QUESTION: Okay, great. So the other day, Matt Lee asked where Palestinians should go for redress if not to the ICC, and you directly related it to the need for achieving a two-state solution. But you’ve also said from the podium that a final status agreement is not the in the immediate offing. So where does the administration believe that Palestinians should appropriately air their grievances as you work on rebuilding the foundation for improved relations? And also, does the administration plan on conditioning the resumption of financial assistance in cooperation with Palestinian leadership on their continued support of the ICC probe?

MR PRICE: So, again, what we have said is that we will seek to advance the possibility of achieving a negotiated two-state solution, and we continue to believe that that two-state solution is the best course because it guarantees that Israel would live in peace and security alongside a viable Palestinian state. This approach remains the best way to ensure Israel’s future as a democratic and Jewish state, while also, of course, enabling the Palestinian people to live with dignity and security in a viable state of their own.

We’ll work closely with Israel. We’ll renew our diplomatic ties with the Palestinians. We’ll consult with partners in the region and beyond. We’ll consult with all of those who have a common interest in supporting efforts to advance a lasting peace. What was your second question again?

QUESTION: If the administration plans on conditioning the resumption of financial assistance and cooperation with the Palestinian leadership based on their continued support of the ICC probe.

MR PRICE: Look, what we have said is that we will look for ways to support the Palestinian people.

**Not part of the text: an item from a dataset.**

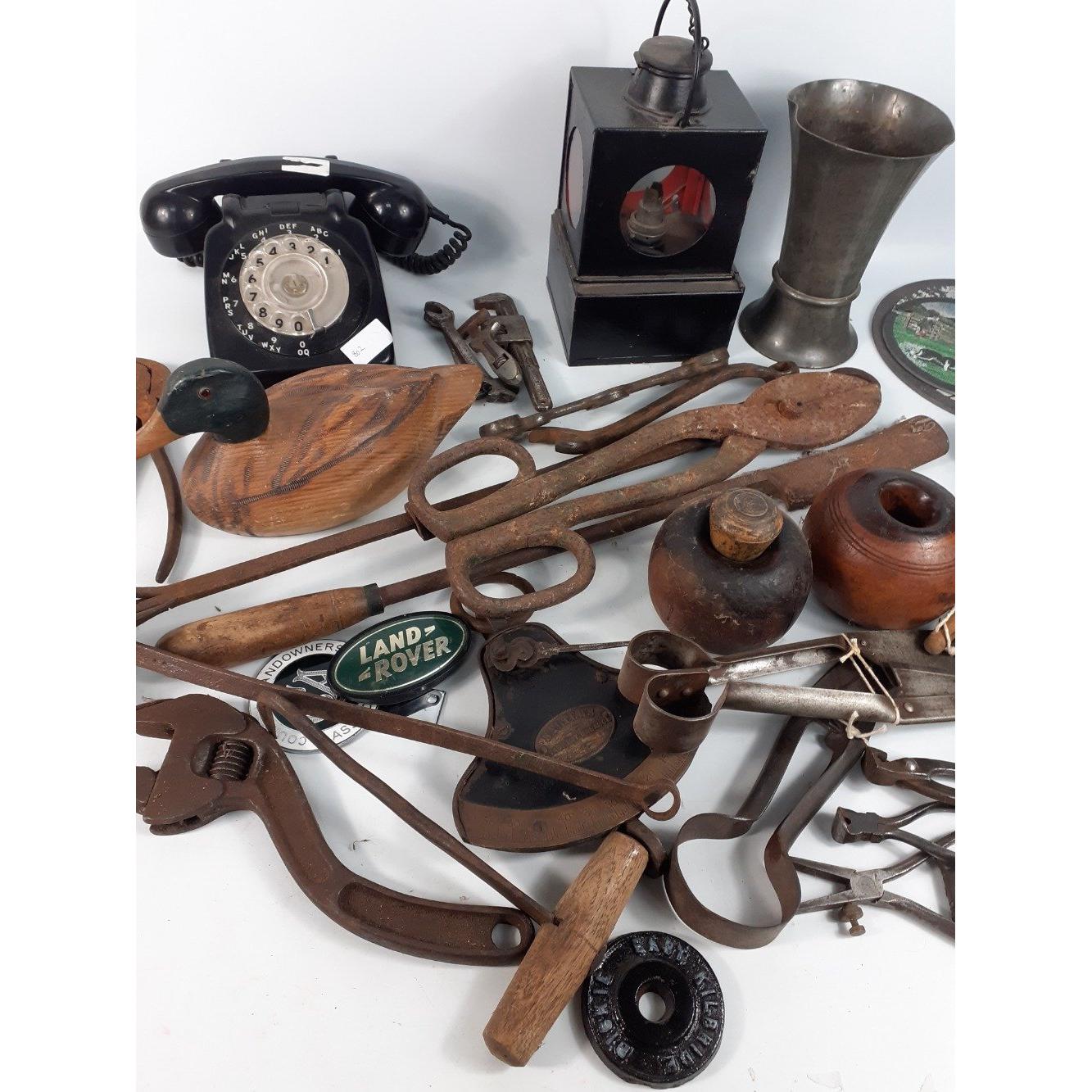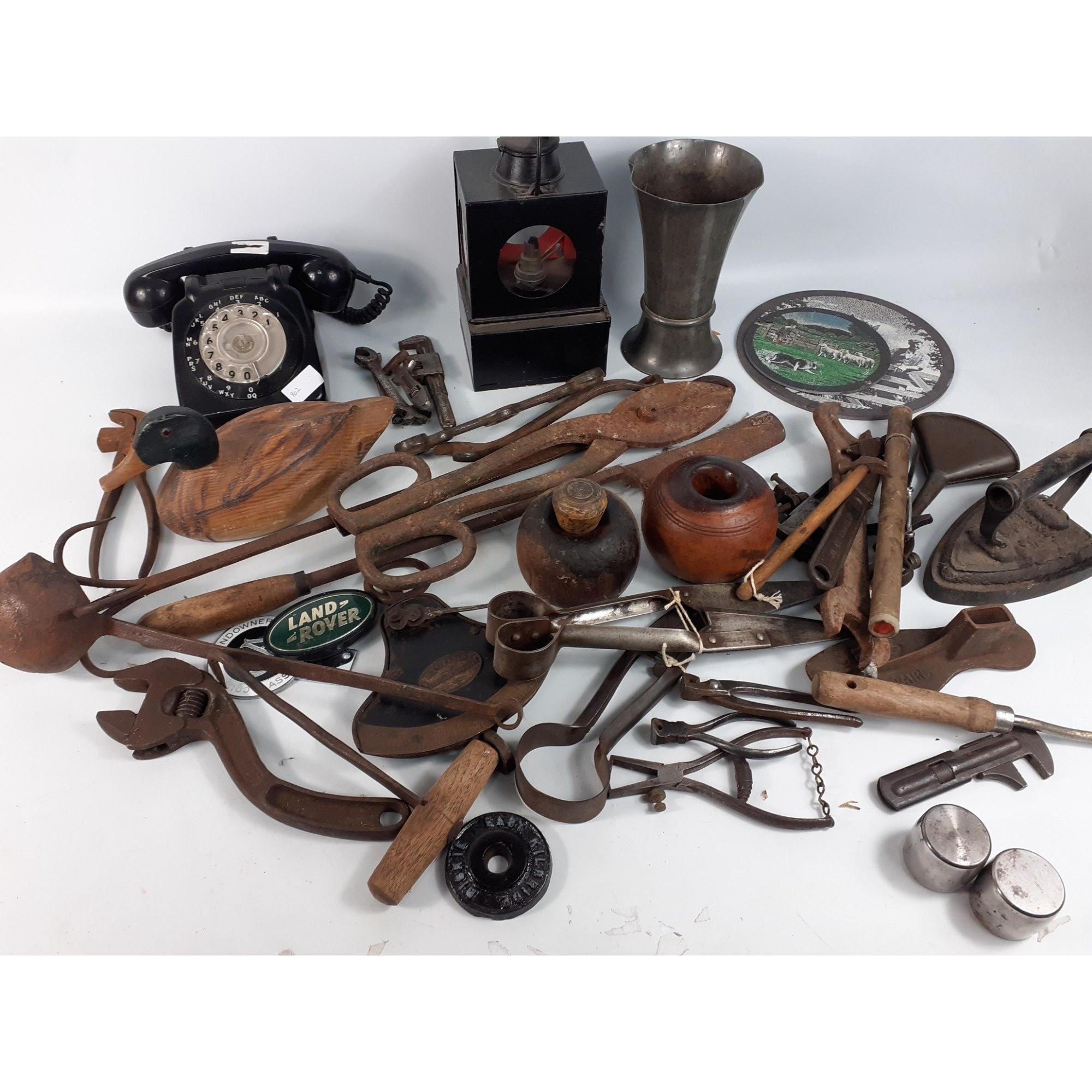 A Mixed box to include some vintage tools and vintage treen. Includes old BT rotary phone, English pewter vase, Salter balance scale, shears, wrenches, old Ford snail logo Tractor spanner, Flat iron, SEGS SAVE REPAIRS Cobblers advertising last etc. An interesting lot.

We have committed to that. We’ve also at the same time made our approach to the ICC very clear. You saw that in a statement from – when – I should say our approach to this particular matter, when it comes to the ICC, is very clear. You saw that in a statement from the Secretary earlier this week. You heard it from the podium as well. We’ll go – we’ll end with the line of Rosiland Jordan.

QUESTION: Regarding Afghanistan, we have some reporting out of Kabul that Ambassador Khalilzad was meeting and trying to be persuasive to all of the locally interested parties to support a type of peace conference – and I’m using that term loosely – the last week of March. Do you have a readout on the ambassador’s latest trip to the region? Is there going to be a global conference sponsored by the UN with U.S. participation the last week of March? Thanks.

MR PRICE: Thanks, Rosiland. Well, as you know, Special Representative Khalilzad and his team, they’re in the region. They’re meeting with Afghan and regional leaders to discuss a path forward and a path forward that produces durable results. The outcomes of Afghan – Afghanistan peace negotiations are up to Afghans. We believe those outcomes should reflect the wishes and the aspirations of the Afghan people. We continue to consult closely with our allies, our partners, countries in the region regarding how we can collectively support this peace process, and we’re considering a number of different ideas that might accelerate the process forward. That’s precisely what the special representative and his team have been doing, first on the ground in Kabul and now on the ground in Doha, and what they will continue doing in an effort to achieve progress on this very important and necessary goal.

I think we will end it there. We will see – or we will see many of you in person on Monday. Thanks very much. And I’m sorry for the technological difficulties today.